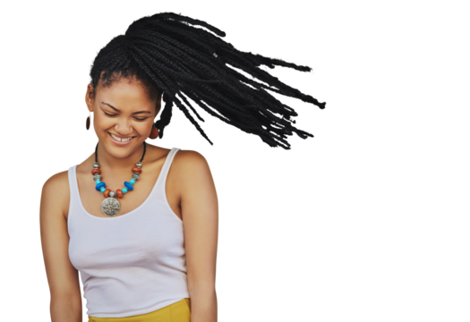 Shake hair, fashion and woman with a smile, excited and model isolated against a transparent background. Female person, movement and girl with happiness, dreads and beauty with aesthetic and png
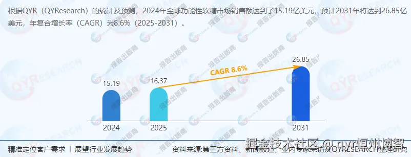 全球市场规模:根据QYResearch最新调研报告显示,2024年全球功能性软糖市场销售额达到了15.19亿美元,预计2031年将达到26.85亿美元,年复合增长率(CAGR)为8.6%(2025-2031)。这一数据彰显了全球功能性软糖市场的强劲增长潜力。
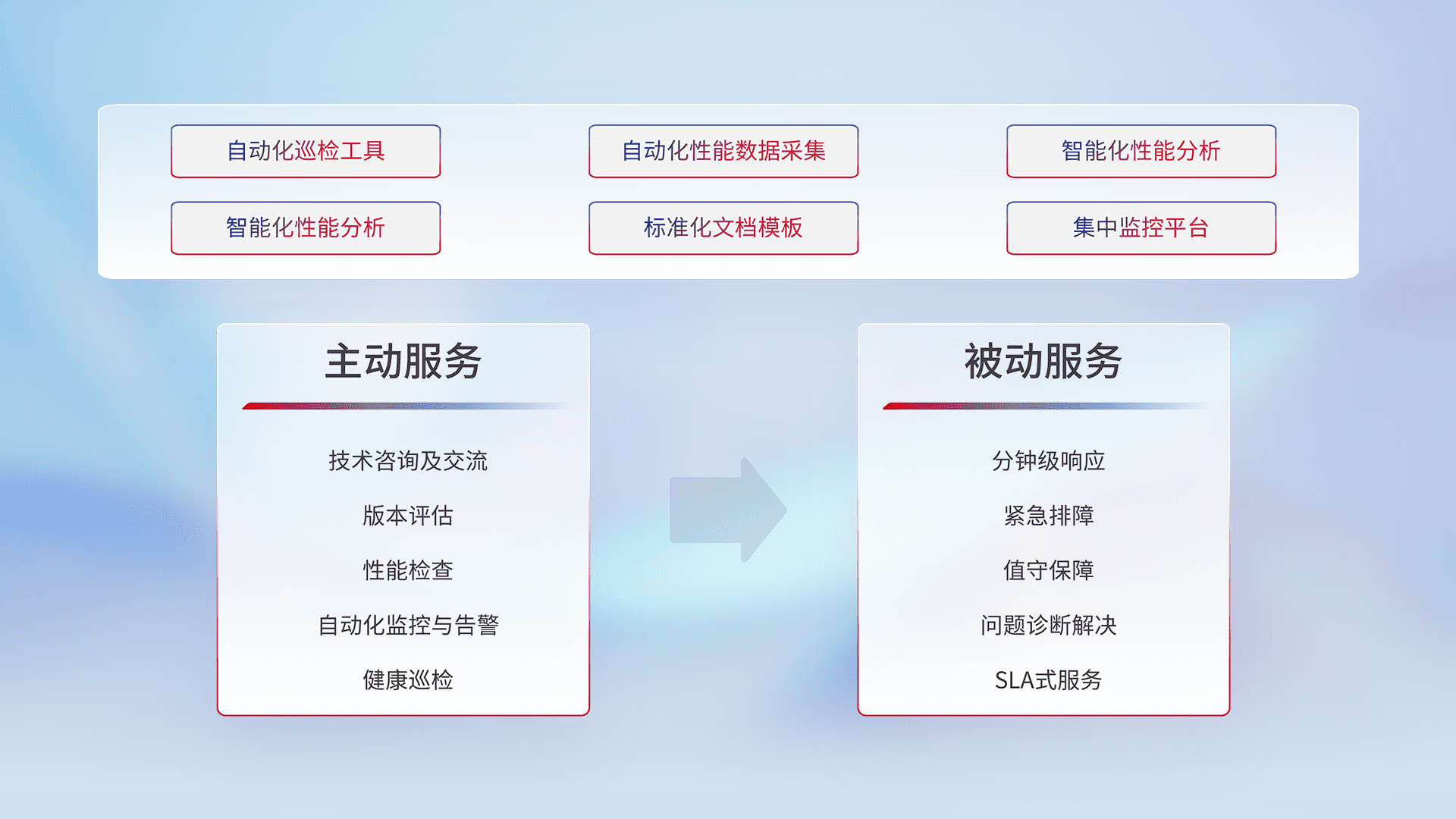 智能化工具和标准化文档,,,保障服务质量,,,提供主动服务(包含技术咨询、、、版本评估、、、性能检查、、自动化监控与告警、、健康巡检)和被动服务包含(分钟级响应、、、、紧急排障、、、值守保障、、问题诊断解决、、、、SLA服务)。。
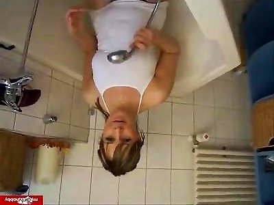 Teenie showers in her tee-shirt and panties and they cling to her assets

——————

▶ Work required:
Retype the lines starting with the one that holds "智能化工具和标准化文档,,,保障服务质量" and ending with the last line of the data above, both included; skip the pictures.

▶ Finished task:
 智能化工具和标准化文档,,,保障服务质量,,,提供主动服务(包含技术咨询、、、版本评估、、、性能检查、、自动化监控与告警、、健康巡检)和被动服务包含(分钟级响应、、、、紧急排障、、、值守保障、、问题诊断解决、、、、SLA服务)。。
 Teenie showers in her tee-shirt and panties and they cling to her assets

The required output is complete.